[What this task involves] An exact copy of the entries is required, with every image omitted.

[Data items]
++++++++++++++++++++

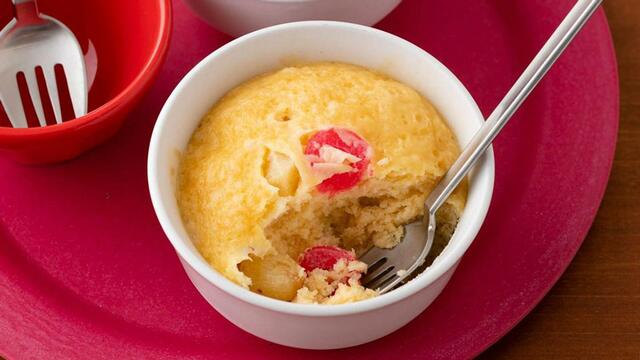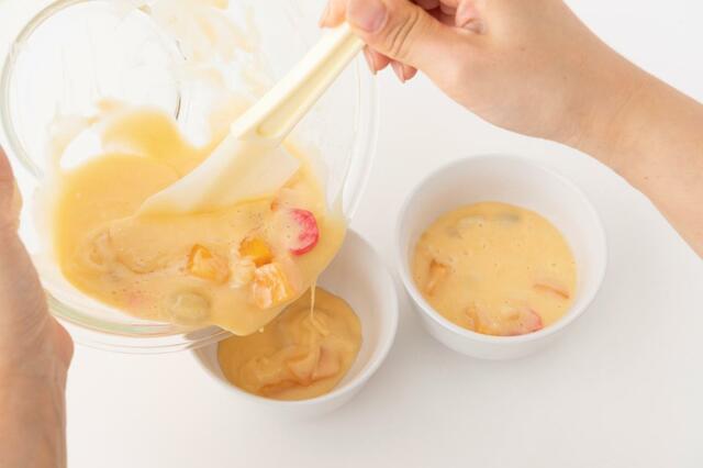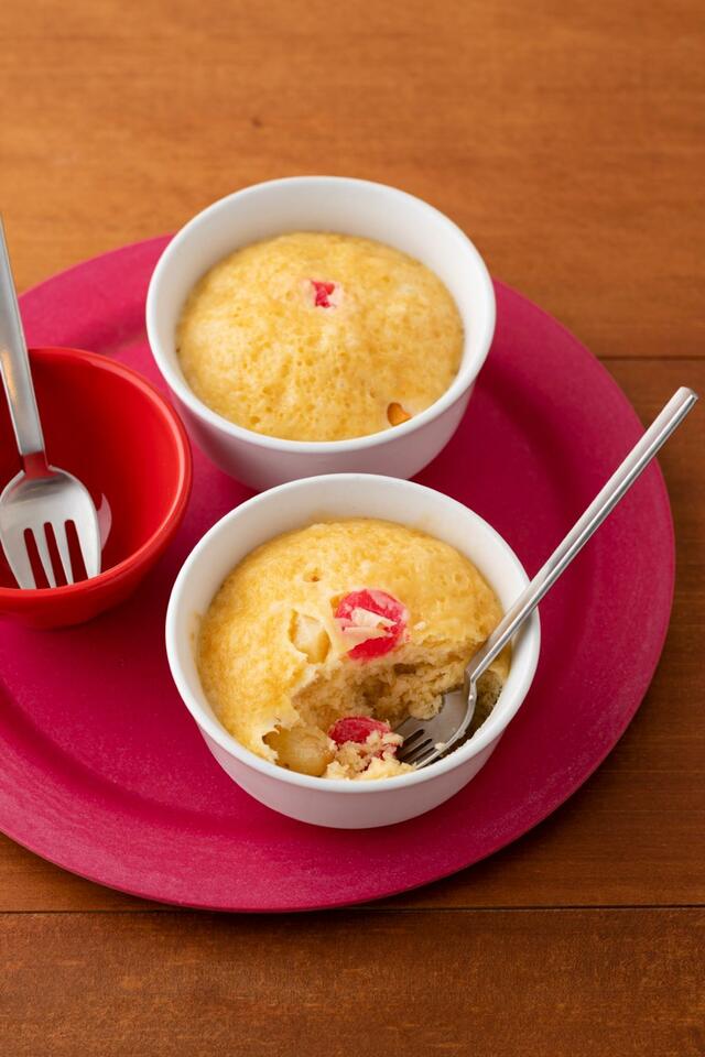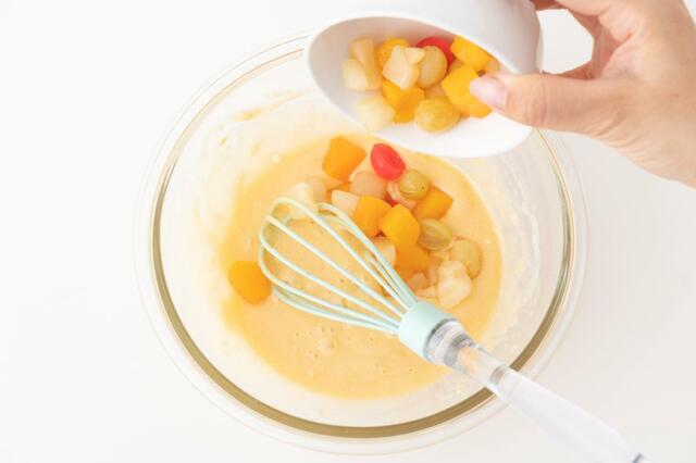 <材料(150ml容器2個分)>ホットケーキミックス…80g 卵…1個 フルーツミックス缶(汁なし)…100g 【A】フルーツミックス缶の汁…大さじ2 砂糖…大さじ1 牛乳…大さじ1 サラダ油…大さじ1 水…400ml <つくり方>
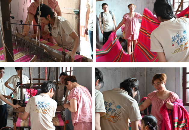 在理论讲解后,李静艳现场示范了织布机的操作技巧,并指导支教队员们上手体验。从经线整理到纬线穿梭,队员们认真跟随学习,亲手操作传统织机,感受每一寸布匹背后的精工细作。“看似简单的动作,实际需要极大的耐心和技巧。”支教队员李清同学感叹道,“这让我们对传统工艺的敬畏之心油然而生。”
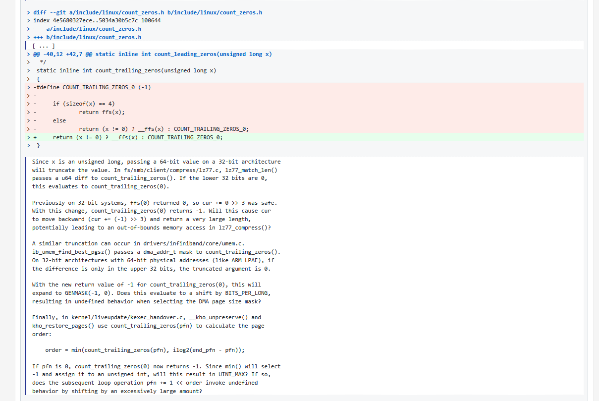 AIによるレビュー結果はパッチのコード内にインライン形式で表示されます。
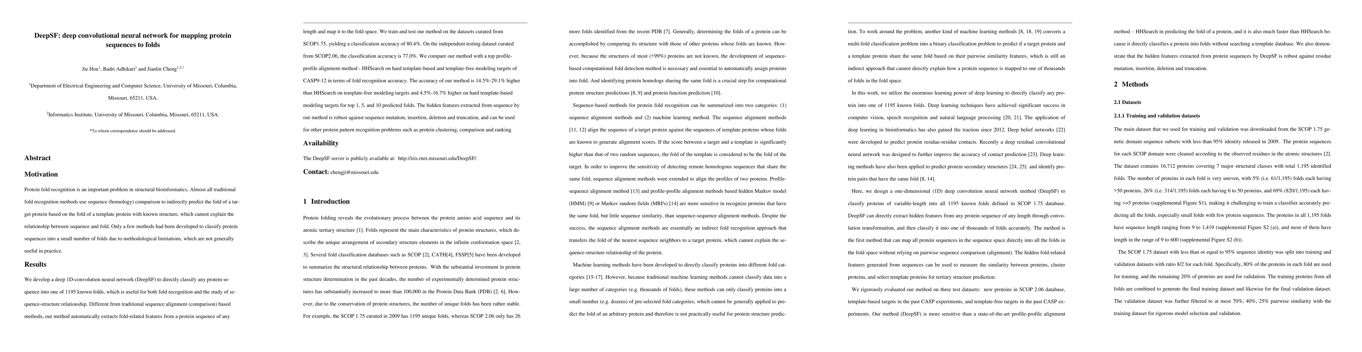 DeepSF employs a deep convolutional neural network to directly classify protein sequences into 1195 known folds, achieving higher accuracy than traditional sequence alignment methods, and demonstrating robustness against sequence mutations. This approach provides a novel method for fold recognition and sequence-structure relationship studies.
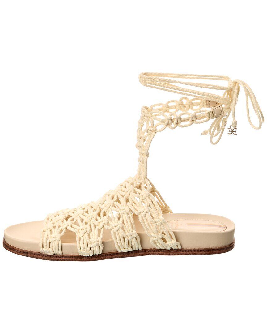 Leather upper with man made sole. Lace-up front with wrap tie closure. Braided strap detail.
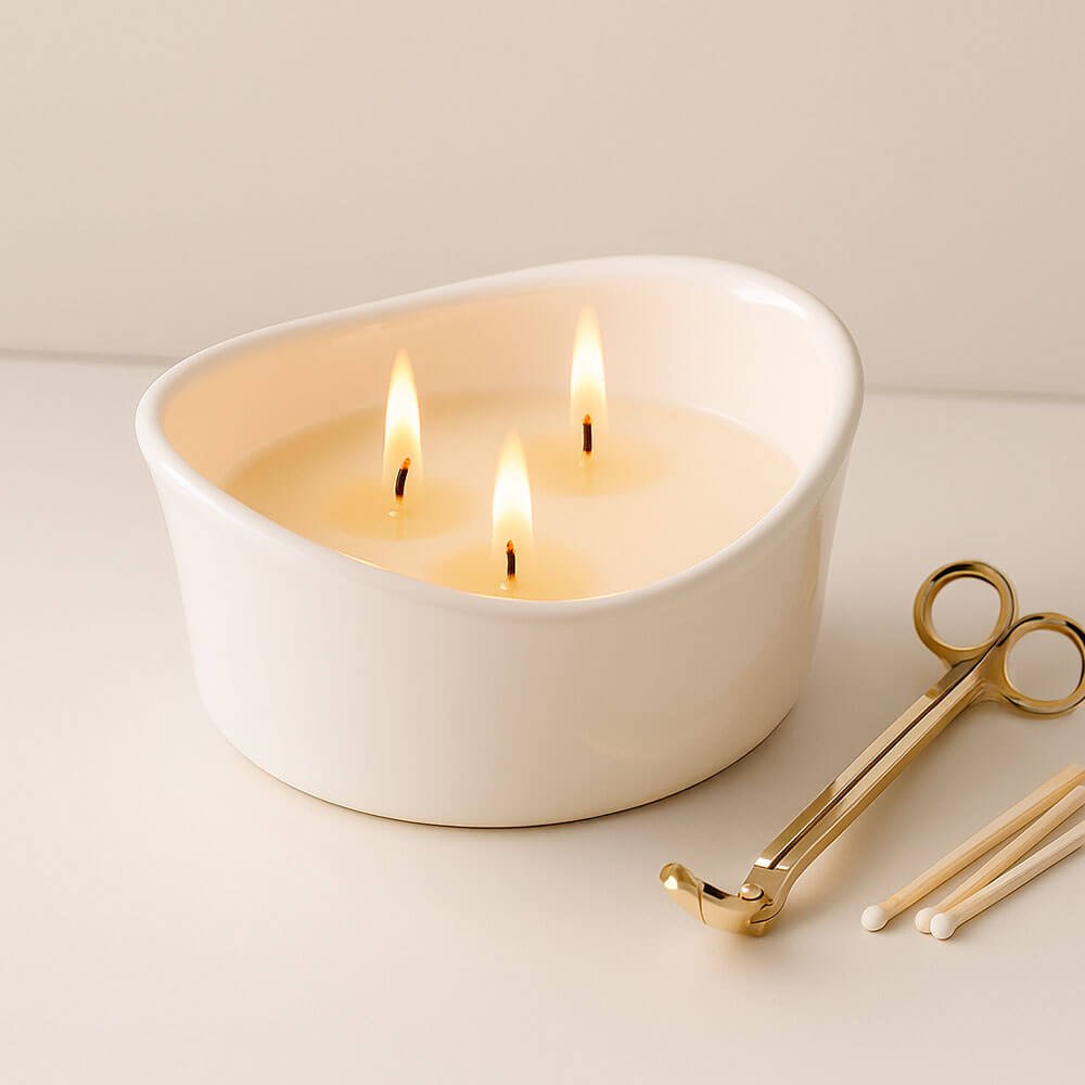 Ce récipient rond en céramique de 250 ml est un contenant décoratif et résistant, conçu pour le coulage final des cires utilisées dans la fabrication artisanale de bougies. Son fini lisse et sa structure rigide favorisent un remplissage homogène et un rendu visuel élégant, idéal pour des bougies parfumées personnalisées. Il est compatible avec pearl wax (cire nacrée), cires végétales et mélanges liposolubles adaptés aux bougies en contenant céramique.

++++++++++++++++++++

[Your response]
 <材料(150ml容器2個分)>ホットケーキミックス…80g 卵…1個 フルーツミックス缶(汁なし)…100g 【A】フルーツミックス缶の汁…大さじ2 砂糖…大さじ1 牛乳…大さじ1 サラダ油…大さじ1 水…400ml <つくり方>
 在理论讲解后,李静艳现场示范了织布机的操作技巧,并指导支教队员们上手体验。从经线整理到纬线穿梭,队员们认真跟随学习,亲手操作传统织机,感受每一寸布匹背后的精工细作。“看似简单的动作,实际需要极大的耐心和技巧。”支教队员李清同学感叹道,“这让我们对传统工艺的敬畏之心油然而生。”
 AIによるレビュー結果はパッチのコード内にインライン形式で表示されます。
 DeepSF employs a deep convolutional neural network to directly classify protein sequences into 1195 known folds, achieving higher accuracy than traditional sequence alignment methods, and demonstrating robustness against sequence mutations. This approach provides a novel method for fold recognition and sequence-structure relationship studies.
 Leather upper with man made sole. Lace-up front with wrap tie closure. Braided strap detail.
 Ce récipient rond en céramique de 250 ml est un contenant décoratif et résistant, conçu pour le coulage final des cires utilisées dans la fabrication artisanale de bougies. Son fini lisse et sa structure rigide favorisent un remplissage homogène et un rendu visuel élégant, idéal pour des bougies parfumées personnalisées. Il est compatible avec pearl wax (cire nacrée), cires végétales et mélanges liposolubles adaptés aux bougies en contenant céramique.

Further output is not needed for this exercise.